Broken Wings is a look into Frida Kahlo’s imagination that is often stimulated to express itself when she experiences pain in her life. It is a beautiful glimpse into how this incredible artist saw the world, and how the practice and presentation of art can save a person from despair. Choreographically there is clear, effective physicalisation of the physical pain that Kahlo endured, and all emotions are expressed very clearly. This is quite impressive when regarding the amount of Kahlo’s life that is covered in this relatively short 50-minute piece, from her road accident, marriage, miscarriage, and experiences of infidelity. Broken Wings is a fascinating exploration of the events of Frida Kahlo’s life and how those events impacted her artistic expression through scenes guided by her imagination.

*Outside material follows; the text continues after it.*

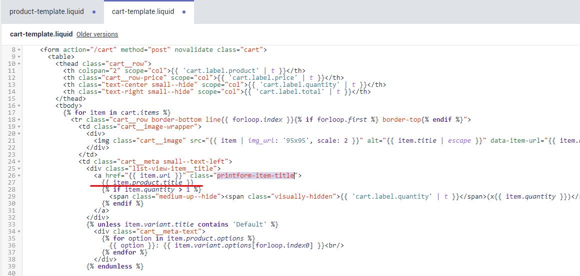 Attach additional css class " printform-item-title " to product's title link

The focus of Broken Wings is not Frida Kahlo’s artistic legacy, but in the very human life she lived, and how her art saved her from the despair that was inevitably brought forth from her pain. This gives the audience a glimpse into the experiences and imagination that made Frida Kahlo the star that she is and inspires us to take the pains in our own lives and create something that comforts that pain. A sentiment that is truly relevant now, just as it was for Frida.